- **DATA EXCERPT**:
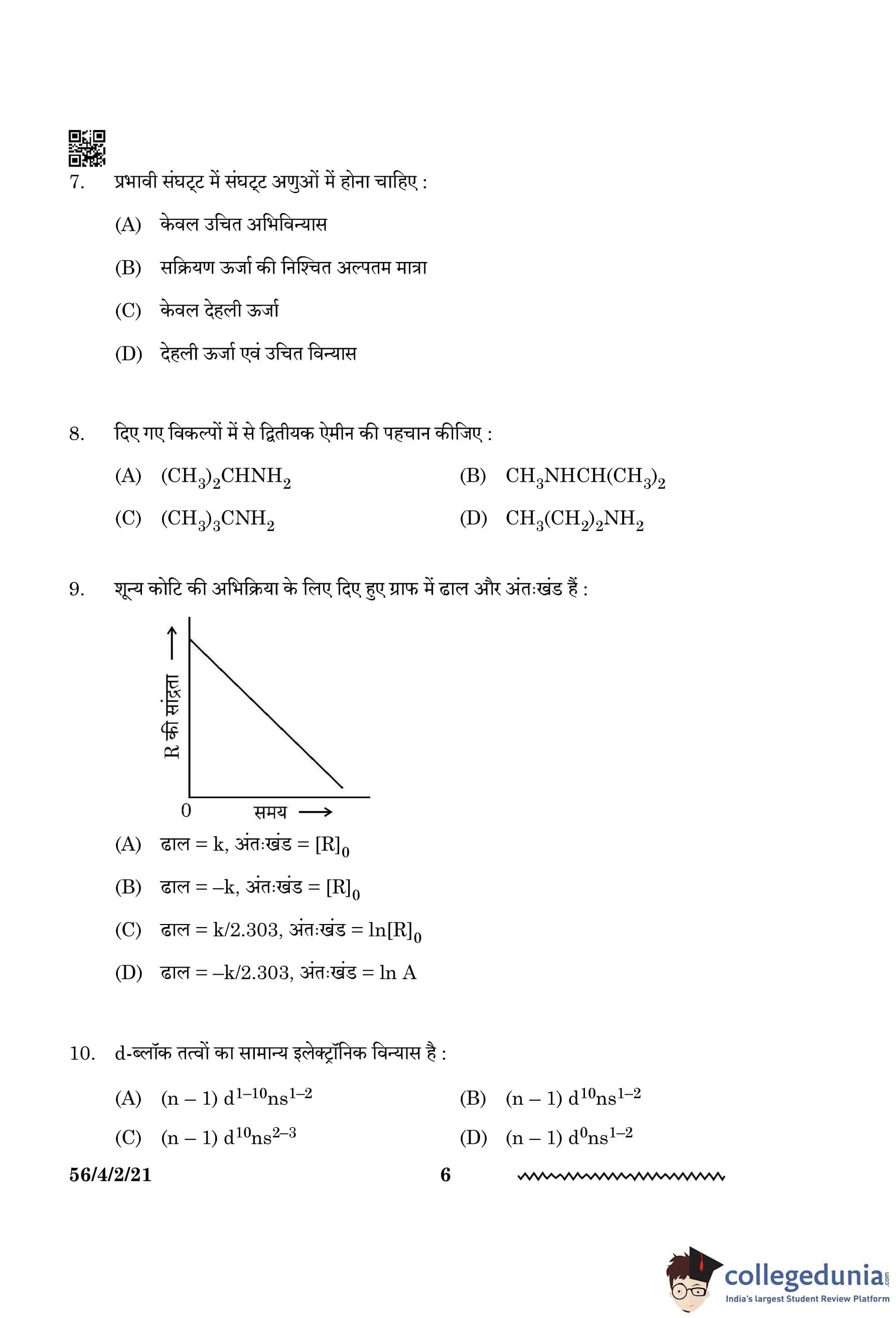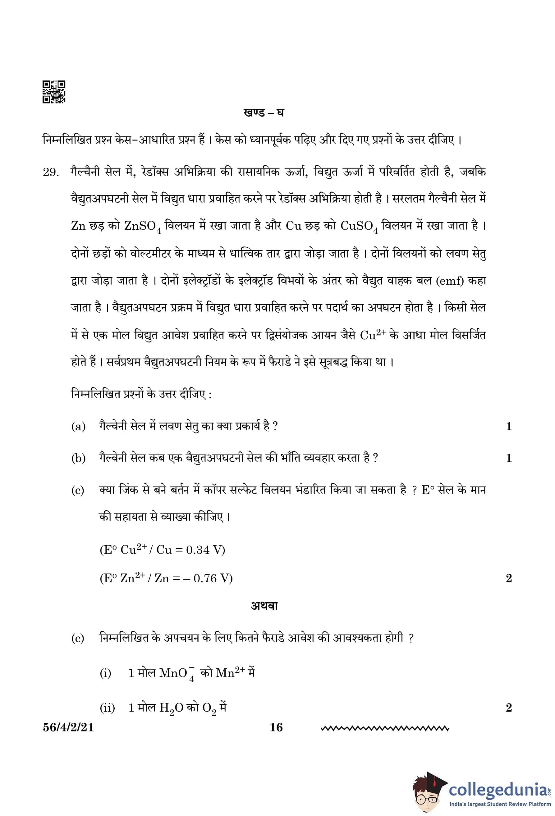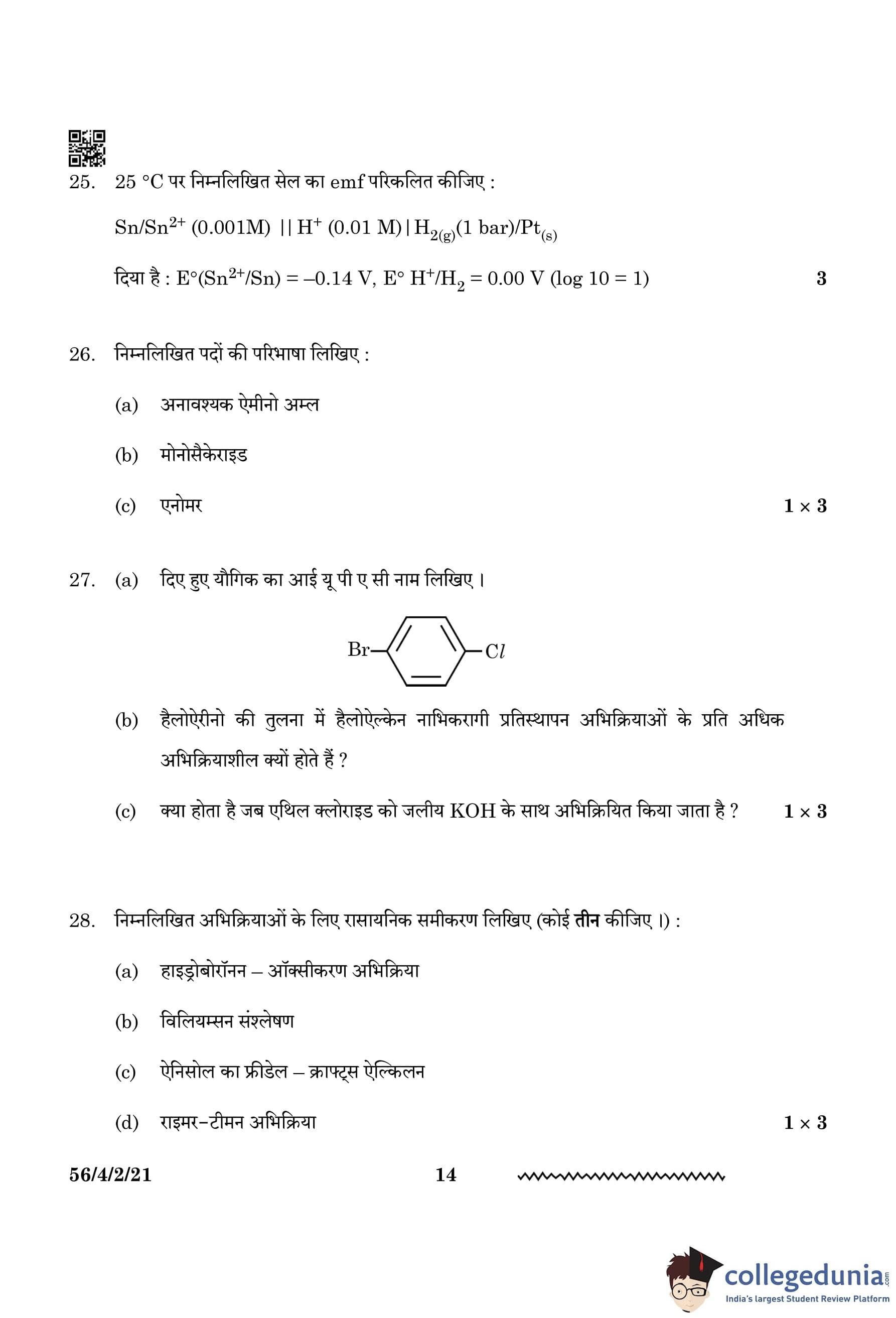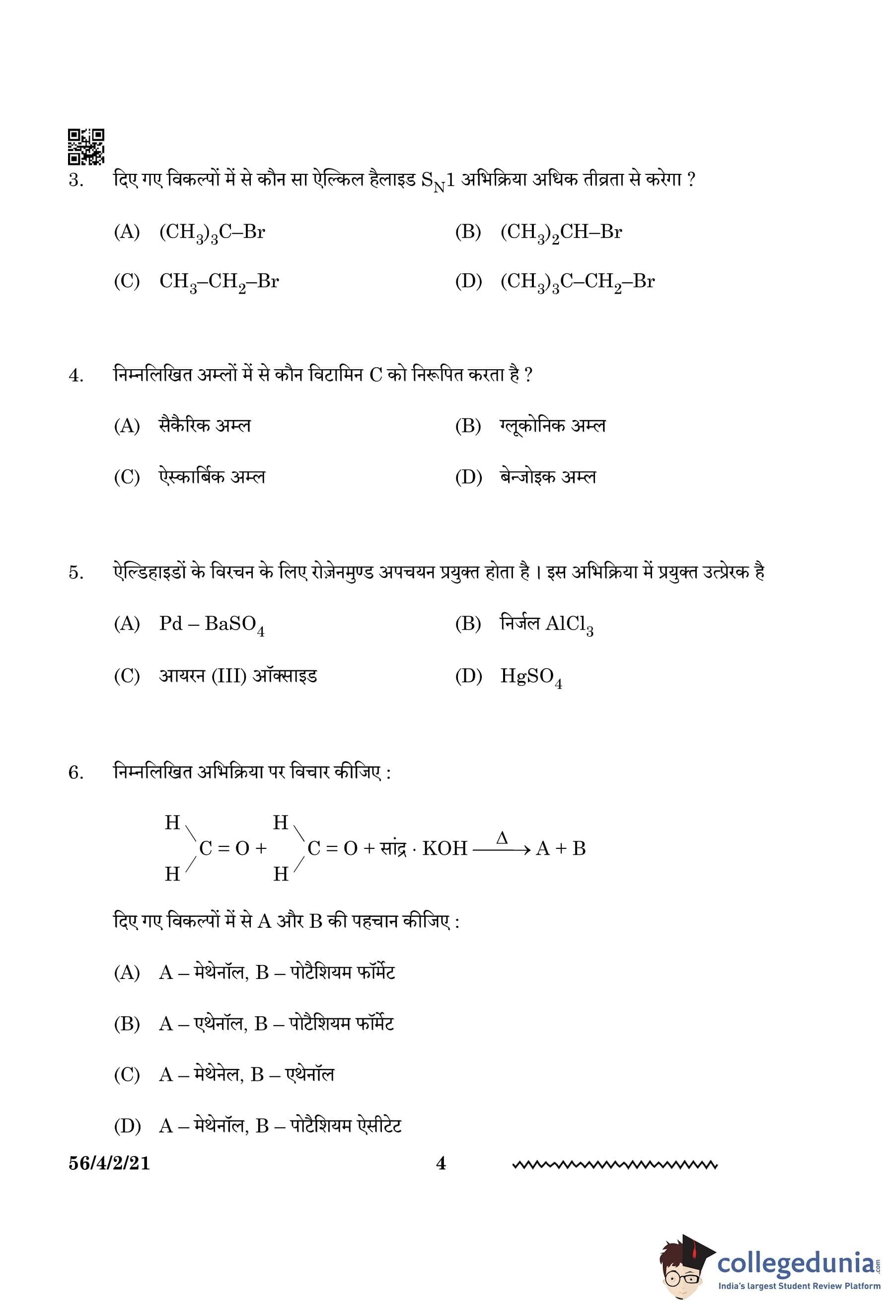 CBSE Class 12 Chemistry Question Paper 2024 (Set 2 - 56/4/2) with Answer Key
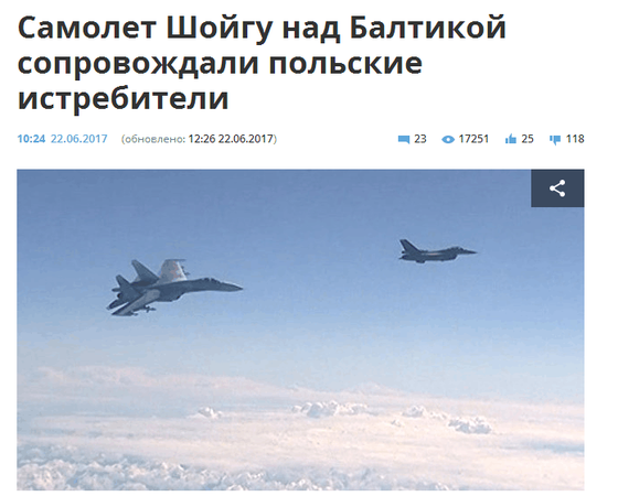 【环球网综合报道】21日,环球网记者曾报道过一则北约F-16歼击机试图在波罗的海公海上空接近俄罗斯防长绍伊古专机的消息。22日,该事件有了最新进展,俄罗斯卫星通讯社援引波兰RMF FM电台消息称,当天跟随俄防长专机的为波兰战斗机。
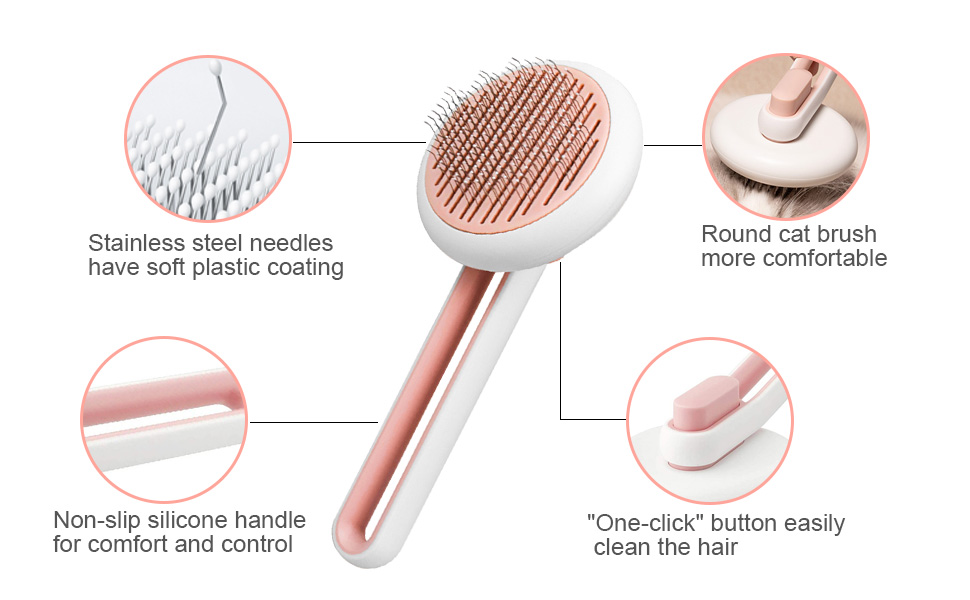 Comfortable and Nonslip Handle. Our cat shedding brush is designed with a comfort-grip and nonslip handle, and this self cleaning cat brush also has a massage function for your hand and you won’t get tired easily when you brush your pet.

- **PROBLEM DESCRIPTION**:
Return the full listing exactly as it appears above, without its pictures.

- **RESPONSE TO THE TASK**:
 CBSE Class 12 Chemistry Question Paper 2024 (Set 2 - 56/4/2) with Answer Key
 【环球网综合报道】21日,环球网记者曾报道过一则北约F-16歼击机试图在波罗的海公海上空接近俄罗斯防长绍伊古专机的消息。22日,该事件有了最新进展,俄罗斯卫星通讯社援引波兰RMF FM电台消息称,当天跟随俄防长专机的为波兰战斗机。
 Comfortable and Nonslip Handle. Our cat shedding brush is designed with a comfort-grip and nonslip handle, and this self cleaning cat brush also has a massage function for your hand and you won’t get tired easily when you brush your pet.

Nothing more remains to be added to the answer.